Recently, the research group led by Prof. SU Guohuan from the Institute of Hydrobiology (IHB) of the Chinese Academy of Sciences, revealed that multidimensional beta diversity of freshwater fishes exhibits broadly consistent spatial patterns across the globe, yet these patterns are dominated by distinct ecological processes. This work significantly advances the current understanding of the mechanisms shaping freshwater fish community structure at the global scale. The study has been published in Global Ecology and Biogeography.

In this study, the researchers quantified the taxonomic, functional, and phylogenetic beta diversity of freshwater fishes at the river-basin scale by integrating global databases on species distributions, morphological traits, and phylogenetic information, and further partitioned each dimension into turnover and nestedness components. The results showed that all three dimensions of beta diversity exhibited a broadly consistent global spatial pattern, characterized by a general decline from low to high latitudes. Mechanistically, taxonomic beta diversity was mainly driven by species turnover across most basins, whereas functional and phylogenetic beta diversity were largely dominated by nestedness processes.

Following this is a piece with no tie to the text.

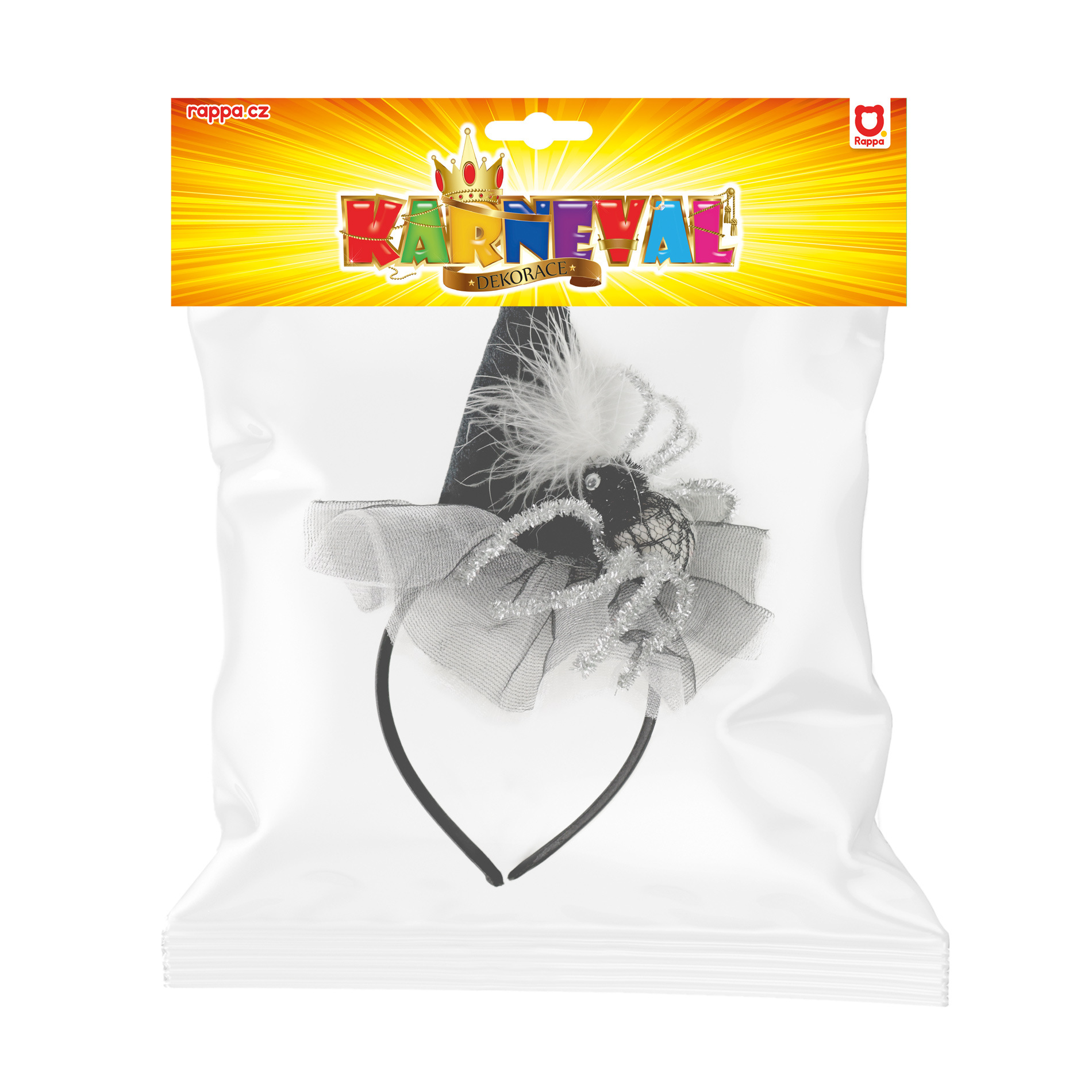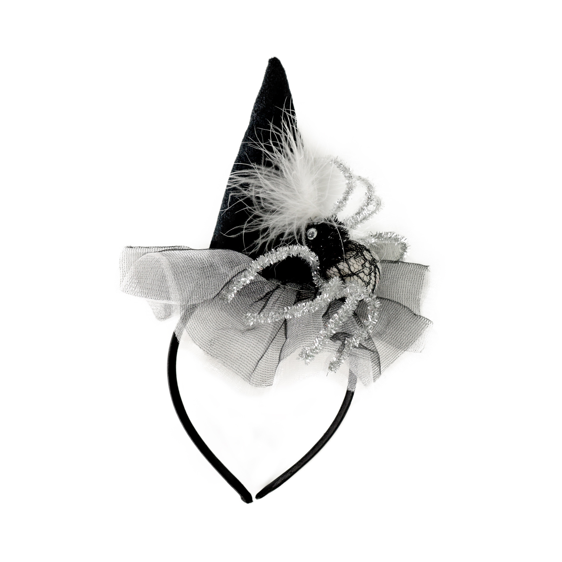 Nepřehlédnutelná čelenka s mini kloboučkem a pavoukem je senzačním doplňkem na párty či karneval. Id

Furthermore, through the application of correlation analyses and boosted regression tree (BRT) models, the researchers comprehensively assessed the effects of geographic, climatic, and historical factors on multidimensional beta diversity and its components. The results indicated that all three dimensions were jointly regulated by multiple drivers, among which basin area consistently emerged as the most influential predictor.

Overall, this study demonstrates that although taxonomic, functional, and phylogenetic beta diversity are highly correlated in their large-scale spatial distributions, they differ substantially in their underlying compositional processes. These findings highlight that relying on a single dimension of beta diversity is insufficient to fully capture the mechanisms shaping community differentiation. Disentangling the relative contributions of turnover and nestedness across multiple dimensions provides deeper insights into how environmental filtering, geographic isolation, and historical climate change jointly and differentially influence freshwater fish community assembly at the global scale.


Maps of freshwater fish taxonomic (TBD, TBDn and TBDt), functional (FBD, FBDn and FBDt), and phylogenetic beta diversity (PBD, PBDn and PBDt) in the global watersheds. (Image by IHB)


(Editor: MA Yun)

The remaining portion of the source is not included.